We study the trajectories of a semiclassical quantum particle under repeated indirect measurement by Kraus operators, in the setting of the quantized torus. In between measurements, the system evolves via either Hamiltonian propagators or metaplectic operators. We show in both cases the convergence in total variation of the quantum trajectory to its corresponding classical trajectory, as defined by the propagation of a semiclassical defect measure. This convergence holds up to the Ehrenfest time of the classical system, which is larger when the system is “less chaotic.” In addition, we present numerical simulations of these effects.

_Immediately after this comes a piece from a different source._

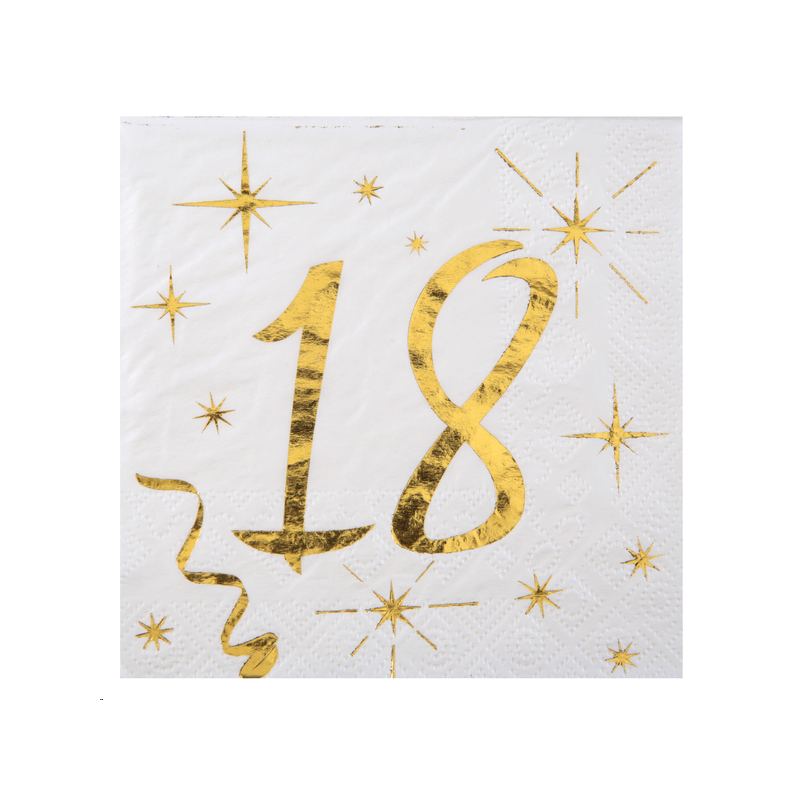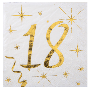 SERVIETTE - 18 ans blanche avec inscription or/dorée x 20 (20cm x 20cm)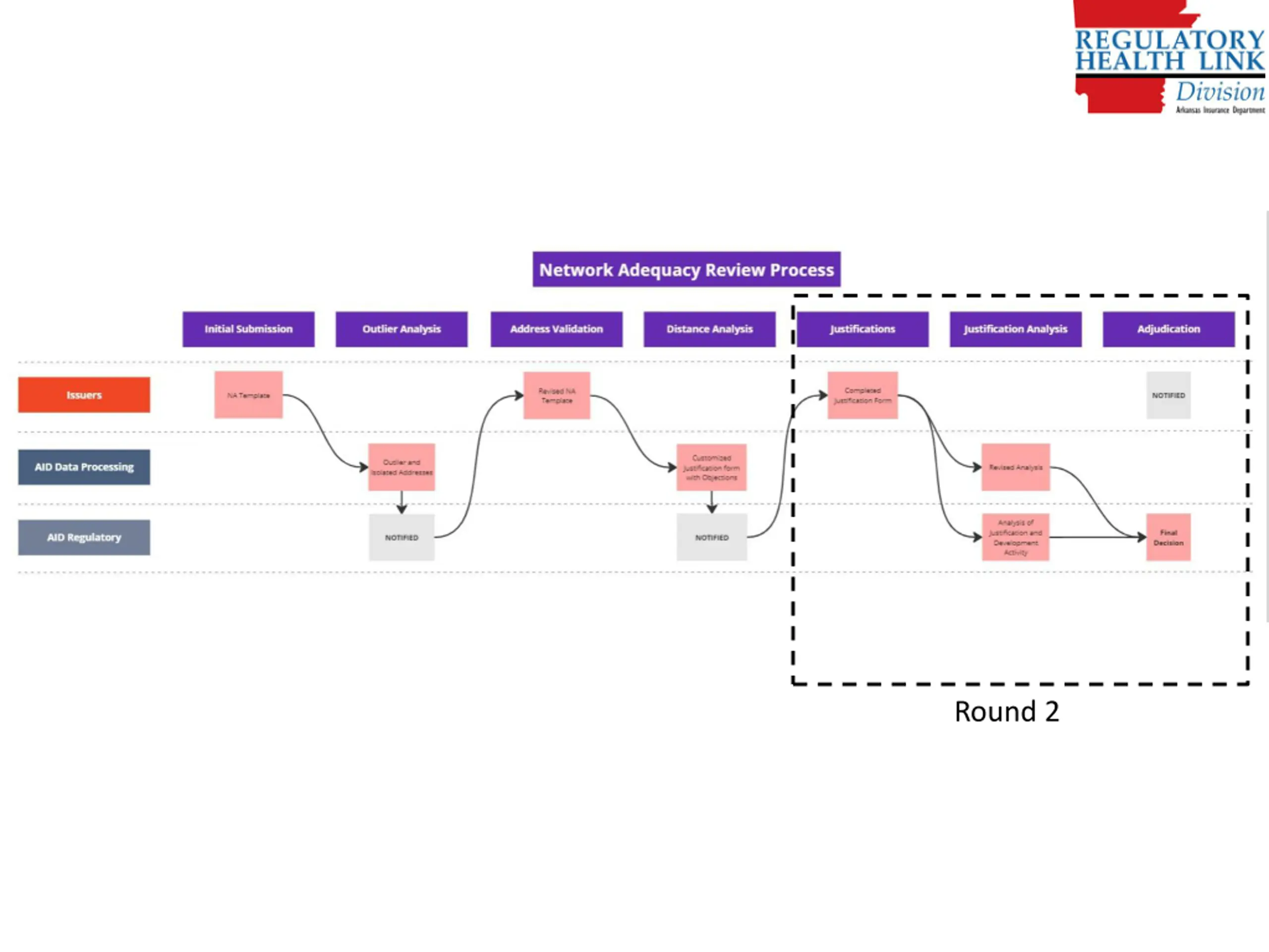 After data submissions Round 0: AID identifies outlier addresses and shares with issuers. Issuers responds with revised NA templates if required. Round 1: AID computes ideal network combining all networks. This is necessary for generating objections where improvement is possible. This also means No providers available is not a valid answer. AID computes individual networks and compares to ideal network to generate customized Justification Templates. Issuers responds with revised NA templates if required. Round 2: For final dispositions, AID re-computes individual networks for for issuers who resubmitted NA templates at the end of Round 1 21

In proving this result, we provide a characterization of a type of semi-classical defect measure we call uniform defect measures. We also prove derivative estimates of a function composed with a flow on the torus.

我们在量子环面的设置下，研究了克劳斯算子重复间接测量下的半经典量子粒子的轨迹。在测量之间，系统通过哈密顿传播器或元波算子演化。我们在这两种情况下都展示了量子轨迹的总变分与其相应的经典轨迹的收敛性，如半经典缺陷测量的传播所定义的。这种收敛符合经典系统的埃伦菲斯特时间，当系统“不太混乱”时，埃伦菲斯特时间就更大。此外，我们还对这些效应进行了数值模拟。在证明这个结果时，我们提供了一种半经典缺陷度量的表征，我们称之为统一缺陷度量。我们还证明了由环面上的流组成的函数的导数估计。